An automated real-time integration and interoperability framework for bioinformatics

Pedro Lopes  1 José Luís Oliveira  2
Affiliations

An automated real-time integration and interoperability framework for bioinformatics

Pedro Lopes et al. BMC Bioinformatics. .

Abstract

Background: In recent years data integration has become an everyday undertaking for life sciences researchers. Aggregating and processing data from disparate sources, whether through specific developed software or via manual processes, is a common task for scientists. However, the scope and usability of the majority of current integration tools fail to deal with the fast growing and highly dynamic nature of biomedical data.

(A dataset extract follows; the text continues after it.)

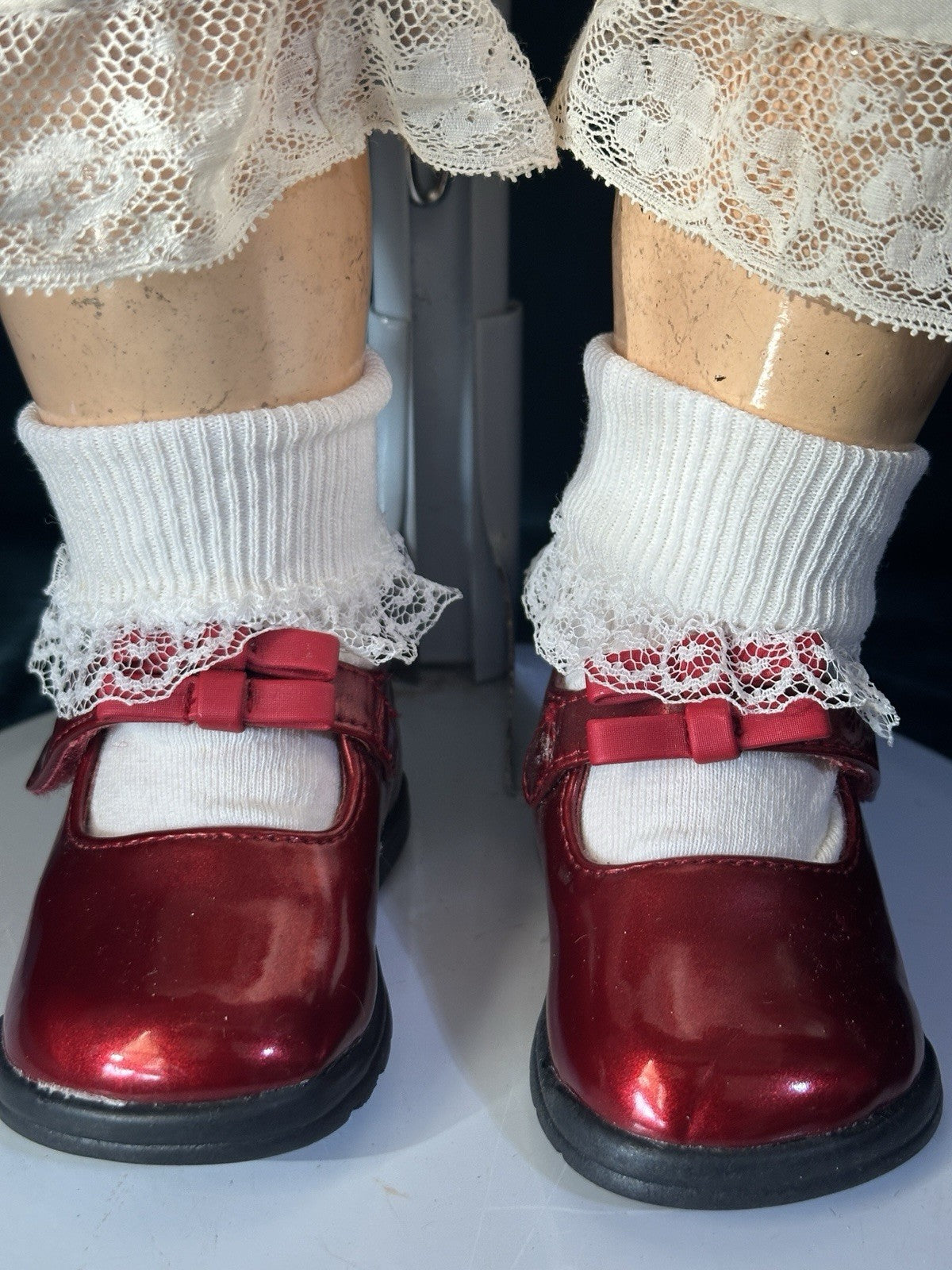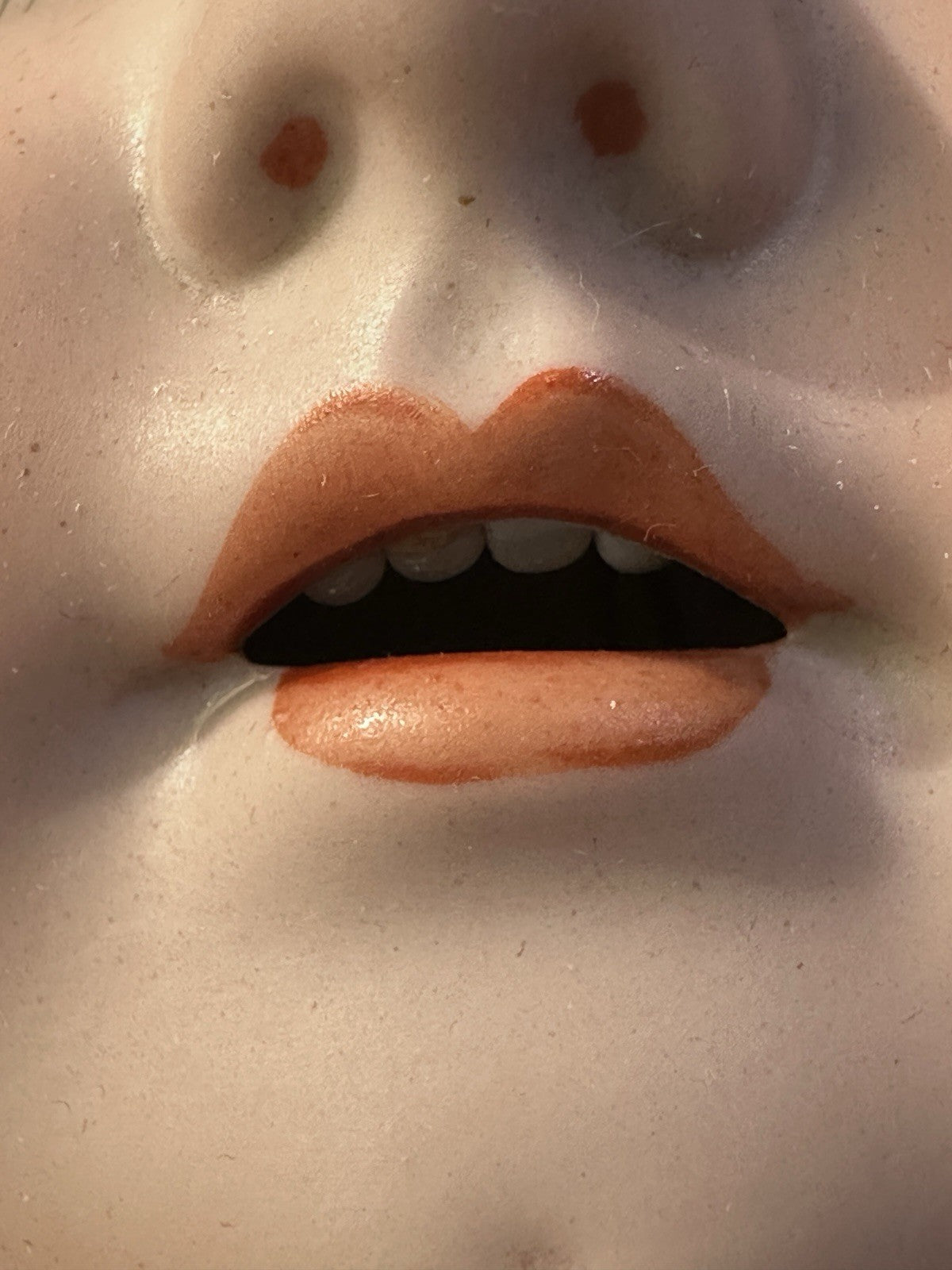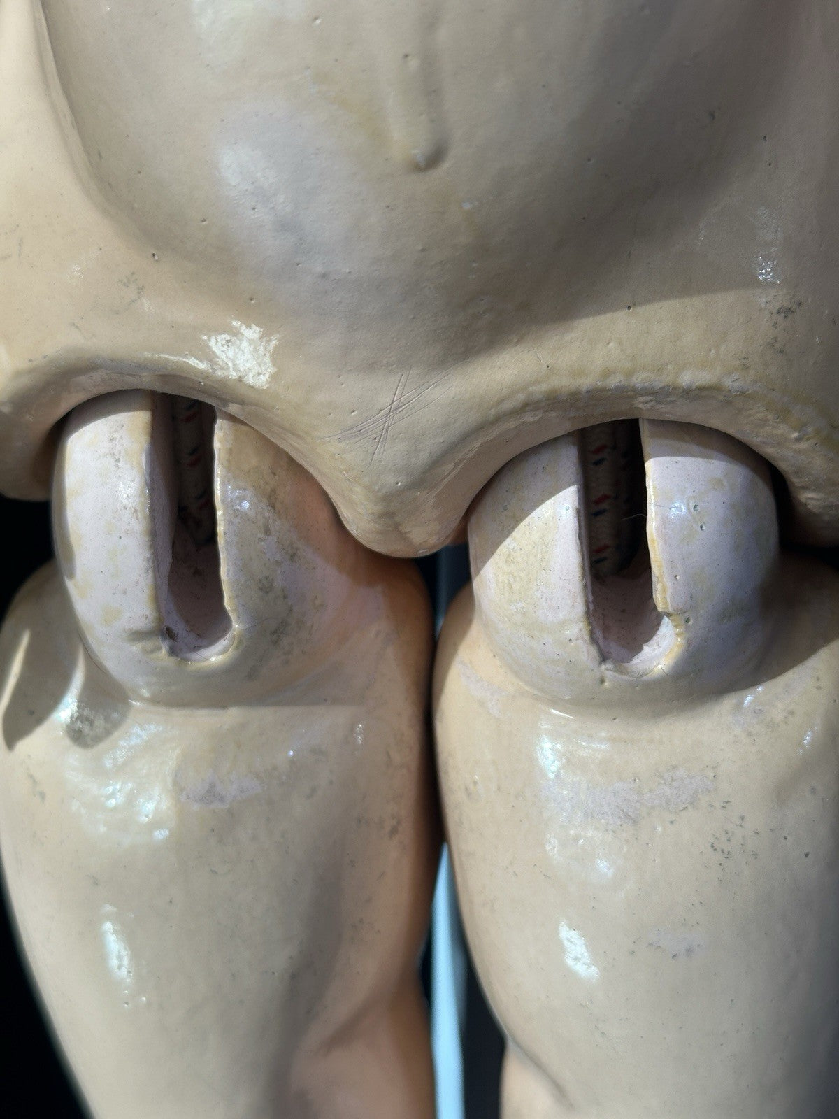 Composition body. Stamped. Stringing is ok but not very tight. Has a few rough areas - see photos. Crazing, cracking, scratches are present to her composition body. Please look at the photos as they are part of description.

Results: In this work we introduce a reactive and event-driven framework that simplifies real-time data integration and interoperability. This platform facilitates otherwise difficult tasks, such as connecting heterogeneous services, indexing, linking and transferring data from distinct resources, or subscribing to notifications regarding the timeliness of dynamic data. For developers, the framework automates the deployment of integrative and interoperable bioinformatics applications, using atomic data storage for content change detection, and enabling agent-based intelligent extract, transform and load tasks.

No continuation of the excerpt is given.